Claire jumped up and trailed Nancy back into the autopsy room. Nancy pulled over the armed and lighted magnifying glass and positioned it down close to the inside of the victim's left wrist. “See it? You tell me what that looks like.”
Claire stared at the tiny blue marks. “It's the same symbol the killer drew in the cornmeal at the crime scene. Zee called it a Veve.”

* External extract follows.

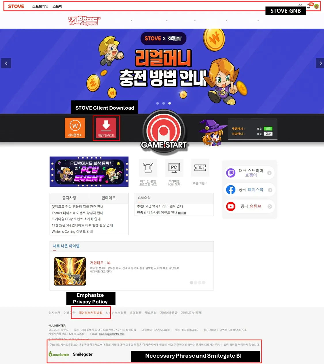 Smilegate BI | Add Smilegate BI in the footer, next to your (deveoper’s) BI |

They stared at each other for a moment. Claire said, “She was caught up in something, all right. What? A voodoo cult or some kind of black magic?”
“Oh, yeah, that's what I'd say.”
“Oh, boy, this case is gonna get messy.”
“I'm going to finish and then close her up, okay? Anything you want to see?”
Claire shook her head, and when she heard the fax machine click on, she headed back to Nancy's desk. It was Rene's reports. Madonna Christien's mug shots were on the first page. She wore a tank top, low cut and provocative, but she had been a pretty girl. Small and pixie-ish with waist-length dark hair and a scattering of brown freckles across her nose that made her look really young.
Wanting plenty of ammunition for the next afternoon, Claire turned to Nancy's computer and Googled Jack Holliday's name. About a zillion hits popped up. She clicked on the first site, and it showed his head shot, in which he was grinning confidently. The article gave his stats as six feet eight inches tall and two hundred and thirty pounds. Whoa, he definitely could throw just about anybody up against a wall, and it wouldn't take long to wrap those giant hands around a little woman's throat and squeeze the life out of her.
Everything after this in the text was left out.